Secondary Structure Features (SSFs)

In LncDC, the RNAfold program is used for secondary structure prediction of RNA transcripts42. RNAfold uses dynamic programming to predict the secondary structure of an RNA transcript with the minimum free energy (MFE)47. The assumption is that when free energy becomes lower, the secondary structure of an RNA transcript becomes more stable. In RNAfold, the secondary structure of an RNA transcript is divided into different types of substructures, including hairpin loop, interior loop, bulge loop, multi loop, and stacking pairs. The free energy values of the substructures are different, and the free energy of an RNA secondary structure is the summation of the free energy of these substructures. Finally, the most stable secondary structure of each RNA transcript is generated by RNAfold and used for downstream feature extraction.

  1. 10.

    MFE: MFE reveals the stability of a secondary structure. Lower MFE usually represents a more stable secondary structure. Evidence shows that mRNAs are more durable than lncRNAs, suggesting that they tend to have lower MFEs than lncRNAs40.

  2. 11.

    Paired ratio: Given the secondary structure of an RNA transcript, we will be able to know which nucleotides have Watson–Crick pairings and which nucleotides are unpaired. If an RNA transcript has a high paired ratio, its secondary structure will be more stable.

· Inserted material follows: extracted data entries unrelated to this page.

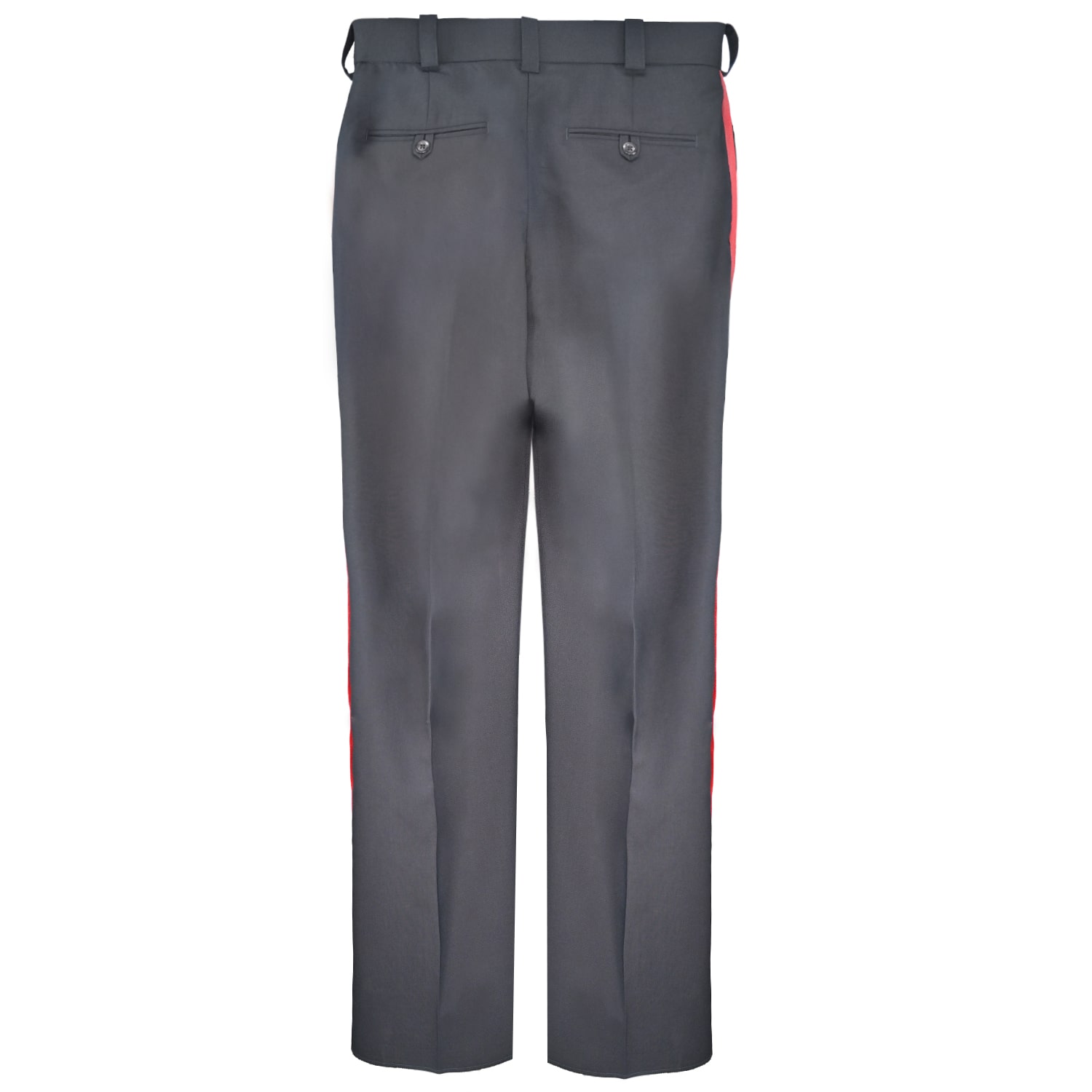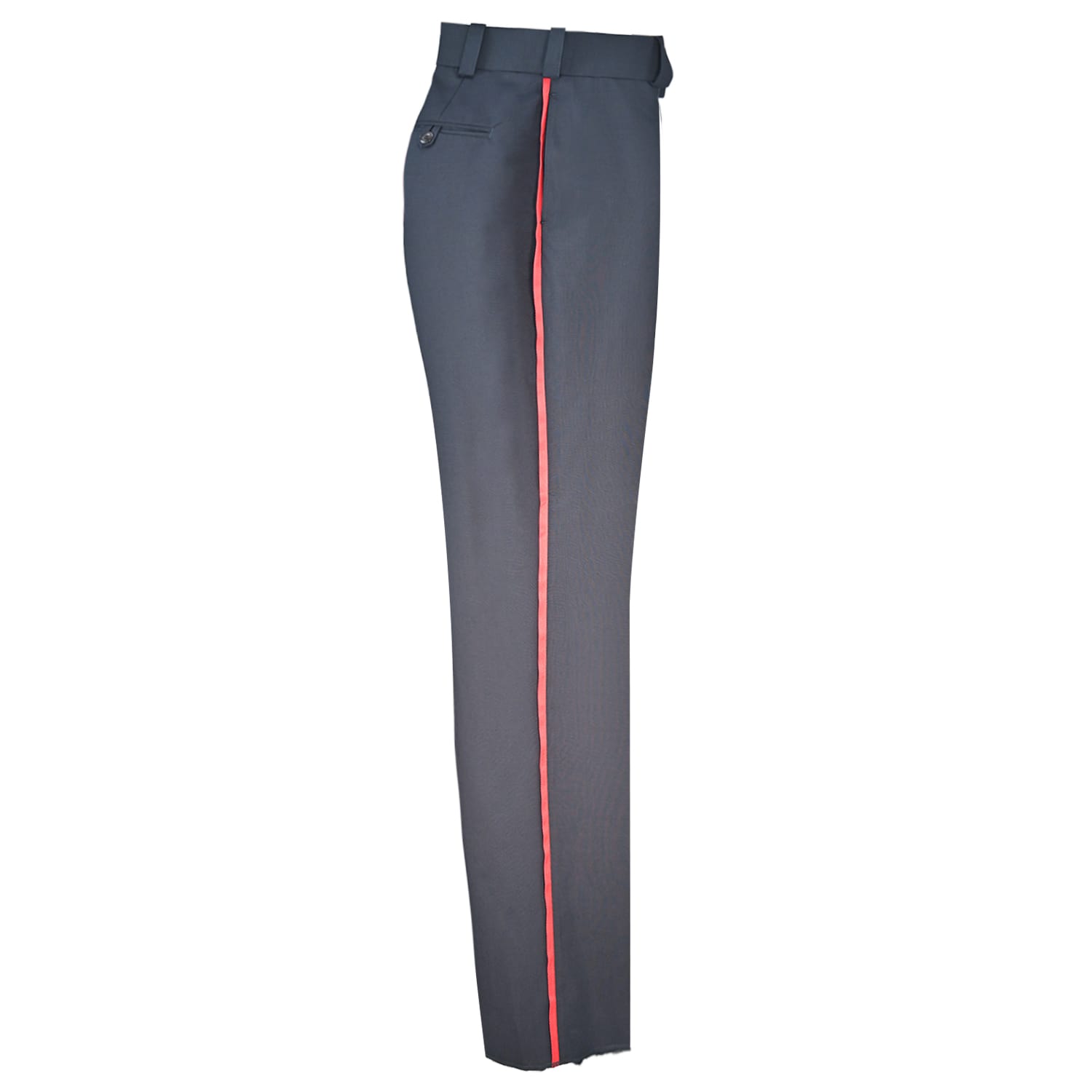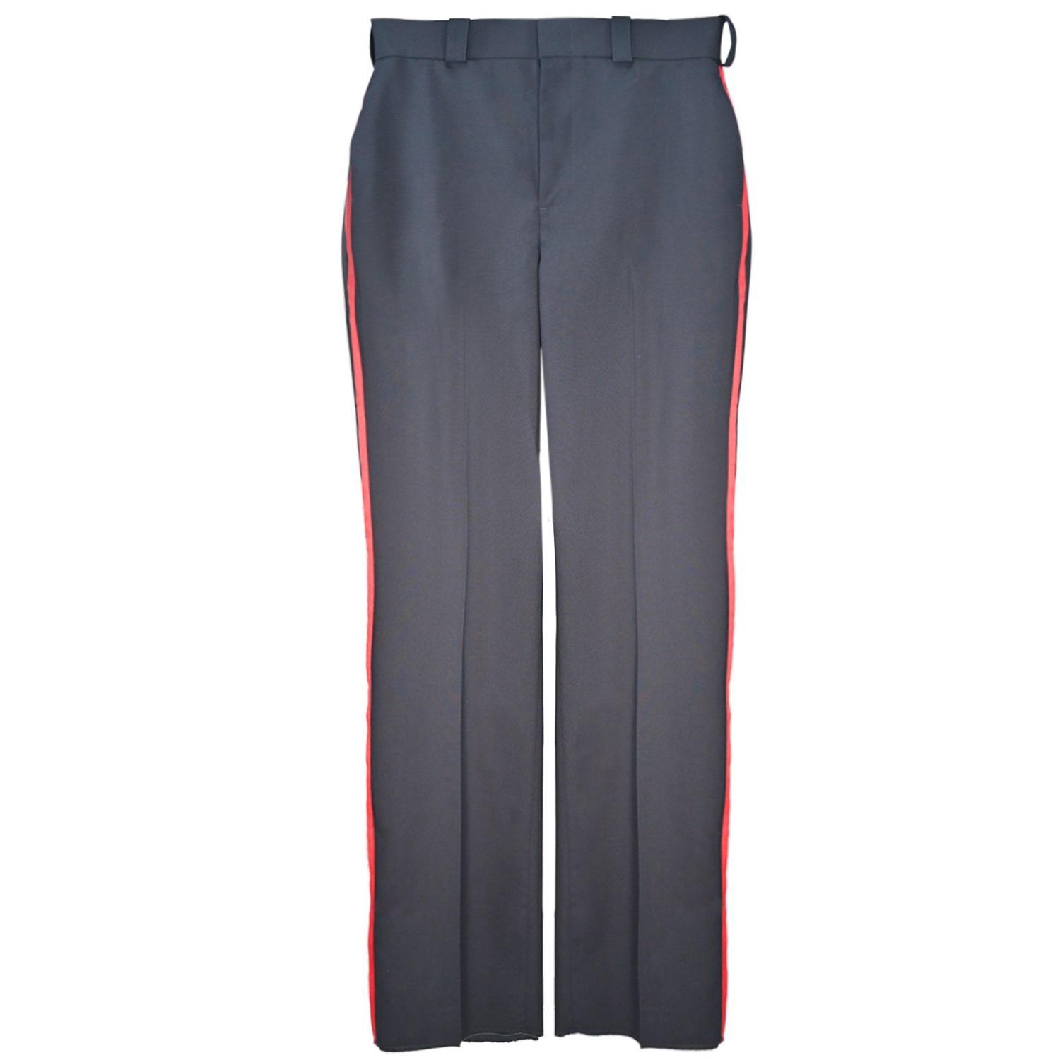 Features a bold red contrast stripe running cleanly down the outer side seams, adding a formal, authoritative look typical of service and dress uniforms. -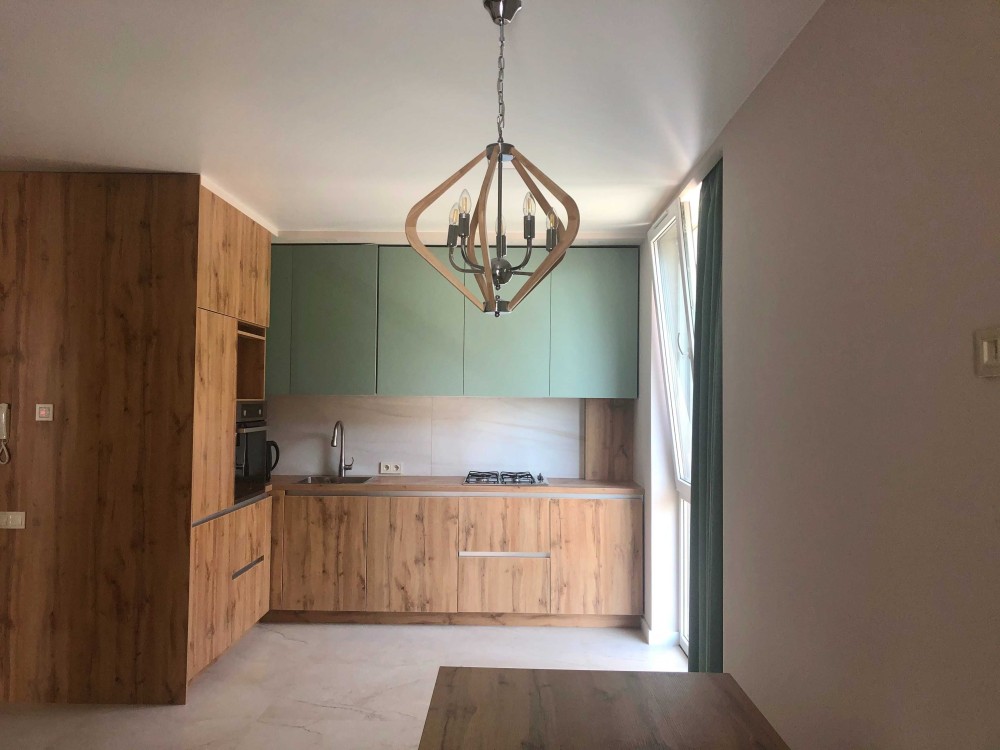 Спальні ліжко з якісним ортопедичним матрасом, розкладний диван, 2 шафи-купе, кухонні меблі з магнітними фіксаторами.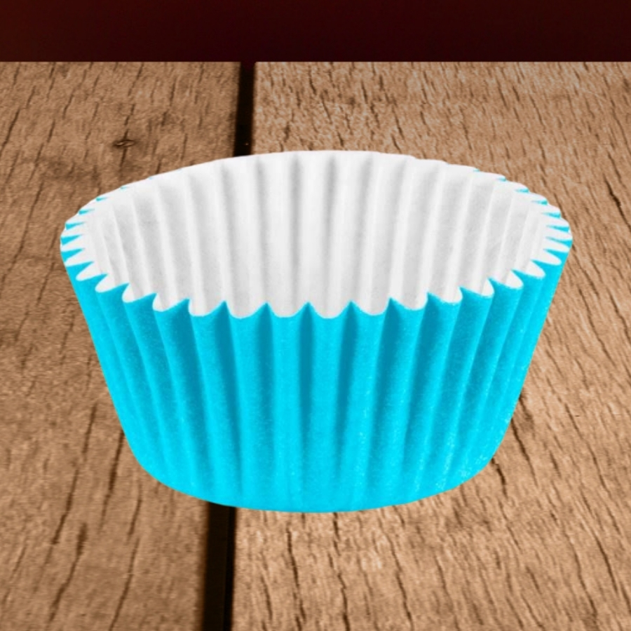 A forminha para doces nº 05 possui cor azul bebê e dimensões aproximadas de 2x1,5cm. É indicada para a acomodação e apresentação de pequenos doces, auxiliando na organização, padronização e valorização estética das produções de confeitaria.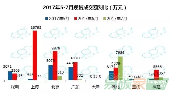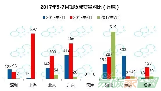 深圳成交6.9萬噸,與6月相比下降92.6%;上?,F(xiàn)貨成交1萬噸,比6月下降99.8%;北京成交54.1萬噸,與6月相比下降82.2%;廣東成交26萬噸,與6月相比下降94.4%;天津無交易;湖北成交619.1萬噸,與6月相比上升了115.6%;重慶成交33.8萬噸,與6月相比上升了4.5%;福建成交39.3萬噸,比6月下降74.4%。
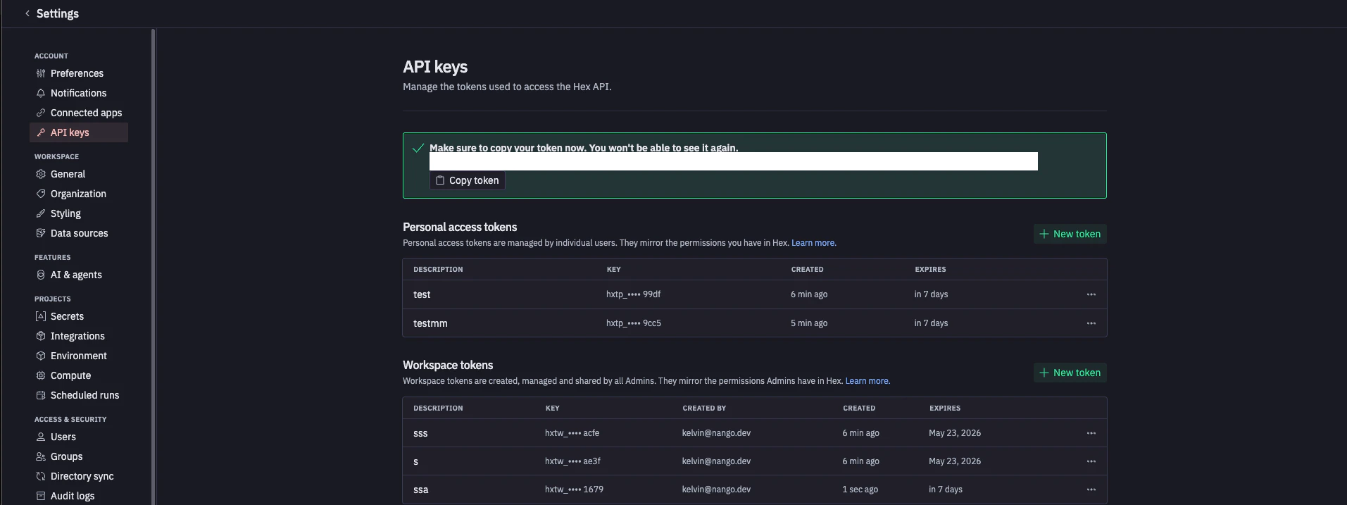 - Copy the token immediately — it is shown once upon creation and cannot be retrieved later.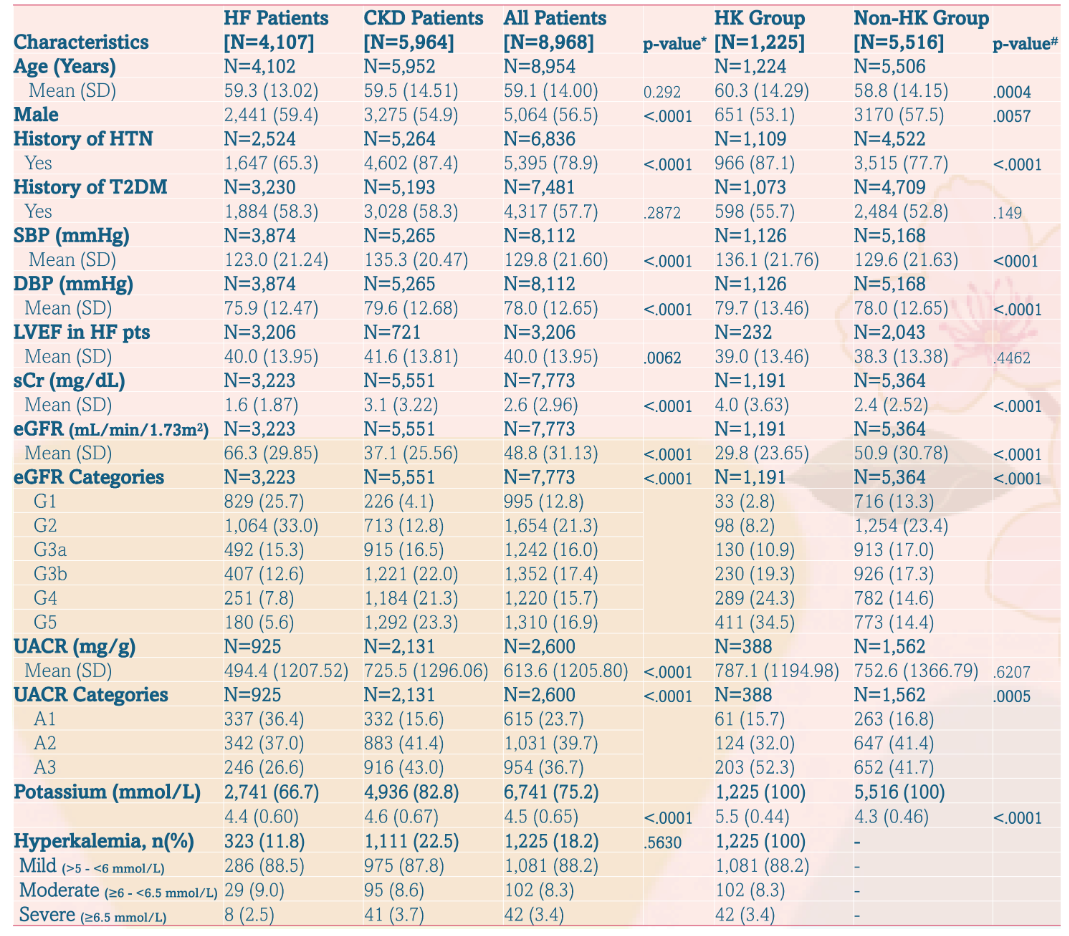 iCaReMe研究是一项全球范围内开展的前瞻性、观察性真实世界登记研究,分析CKD、2型糖尿病、高血压和心力衰竭患者的临床特征、疾病管理模式、长期预后等[1]。WCN 2026上公布的iCaReMe全球注册研究(NCT03549754),纳入亚太、拉美、中东及非洲28个国家的8968例成年CKD/HF患者,其中71.8%合并CKD(平均eGFR 37±25.6 ml/min/1.73 m²),旨在分析高钾血症(血清钾>5.0 mmol/L)的患病率、危险因素及治疗现状。该研究显示: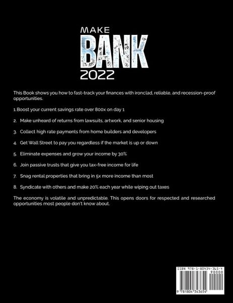 This Book shows you how to fast-track your finances with ironclad, reliable, and recession-proof opportunities.1. Boost your current savings rate over 800x on day 1 2. Make unheard of returns from lawsuits, artwork, and senior housing 3. Collect high rate payments from home builders and developers 4. Get Wall Street to pay you regardless if the market is up or down 5. Eliminate expenses and grow your income by 30% 6. Join passive trusts that give you tax-free income for life 7. Snag rental properties that bring in 5x more income than most 8. Syndicate with others and make 20% each year while wiping out taxes The economy is volatile and unpredictable. This opens doors for respected and researched opportunities most people don't know about.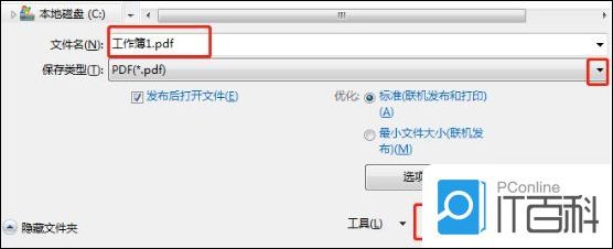 2.在弹出的对话框中找到保存类型选择PDF格式,点击发布。如图所示。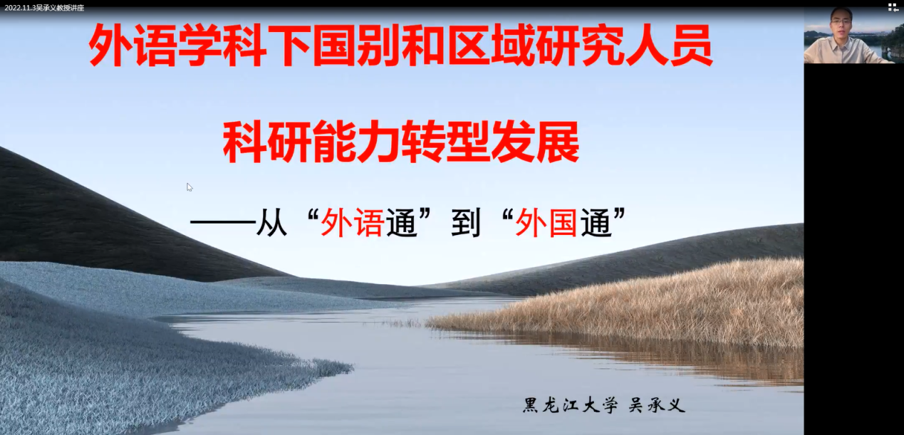 (通讯员 王国念)2022年11月3日下午14时30分,作为校庆70周年系列活动之一的“南望今声”外语论坛第40期在线上如期举行。黑龙江大学吴承义教授应邀为YABO鸭脖官网师生做了题为《外语学科下国别和区域研究人员科研能力转型发展:从“外语通”到“外国通”》的讲座。讲座由我校YABO鸭脖官网王国念副教授主持,YABO鸭脖官网及其他兄弟高校近200名师生参与学习交流。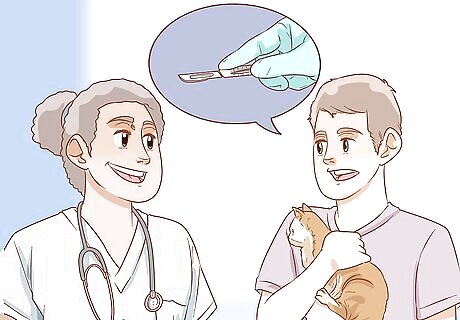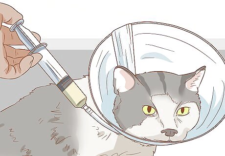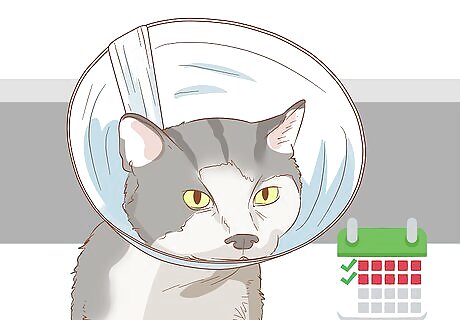 Administer all medications as directed. Following surgery, the cat will be hospitalized for one to two days. When you take it home, you might have to give it pain medication, anti-inflammatories, and antibiotics. Be sure to administer all medications according to the surgeon’s instructions, and bring your cat to all follow-up appointments.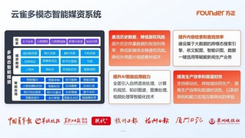 方正电子的云雀多模态智能媒资系统,通过AI驱动跨模态检索、计算机视觉、知识图谱、视频处理等智能化技术,将报纸、期刊、音视频、历史稿件等分散数据,转化为可智能检索、高效复用的“数据资产”,既盘活了媒体历史存量数据,降低版权侵权风险,又能通过智能应用赋能新闻生产,让数据从“闲置资源”变为“生产动能”和“价值资产”。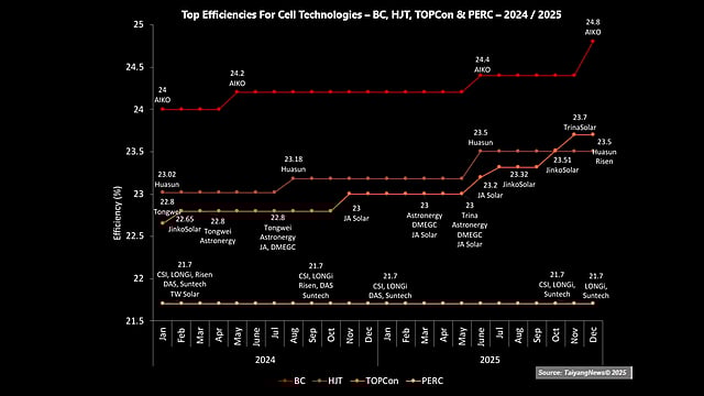 Over the last 24 months, the top BC efficiency increased by 0.8% in absolute terms, reaching 24.8% by December 2025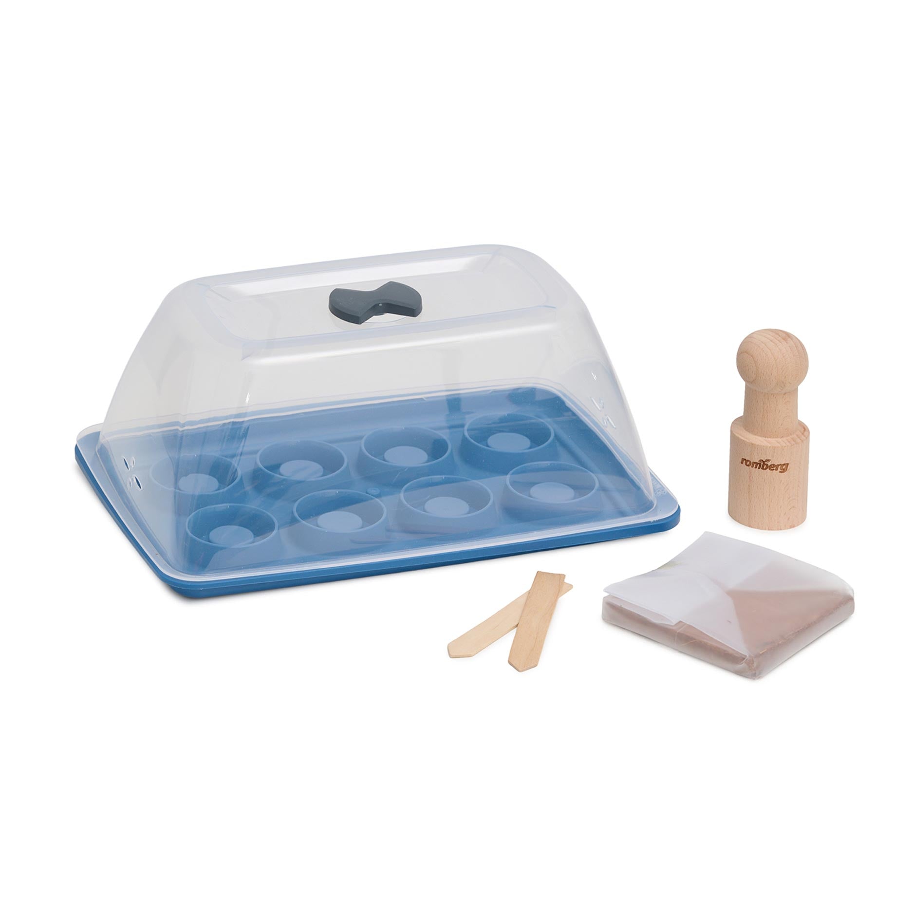 Il Set di Coltivazione Starters è un kit completo per chiunque voglia seminare e coltivare piante facilmente in autonomia. Il set comprende un robusto vassoio di base, una copertura trasparente con ventilazione regolabile, una pressa in legno per carta per realizzare vasetti con carta di giornale e terriccio di cocco senza torba. Il design è pensato per l’uso in ambienti interni, sul davanzale o sul balcone. Offre tutto il necessario per iniziare subito a seminare.

    $$Paired \;ratio = \frac{{N\left( {Paired \;nucleotieds \;bases} \right)}}{{L_{t} }}$$
    (9)
  3. 12.

    Number of various loop structures: The number of different types of loops in an RNA transcript, containing hairpin loop (N(H)), interior loop (N(I)), bulge loop (N(B)), and multibranch loop (N(M)). The typical loop structures are shown in Supplementary Fig S9.

  4. 13.

    Coverage of various loop structures: The ratio of the number of different loops divided by the length of an RNA transcript.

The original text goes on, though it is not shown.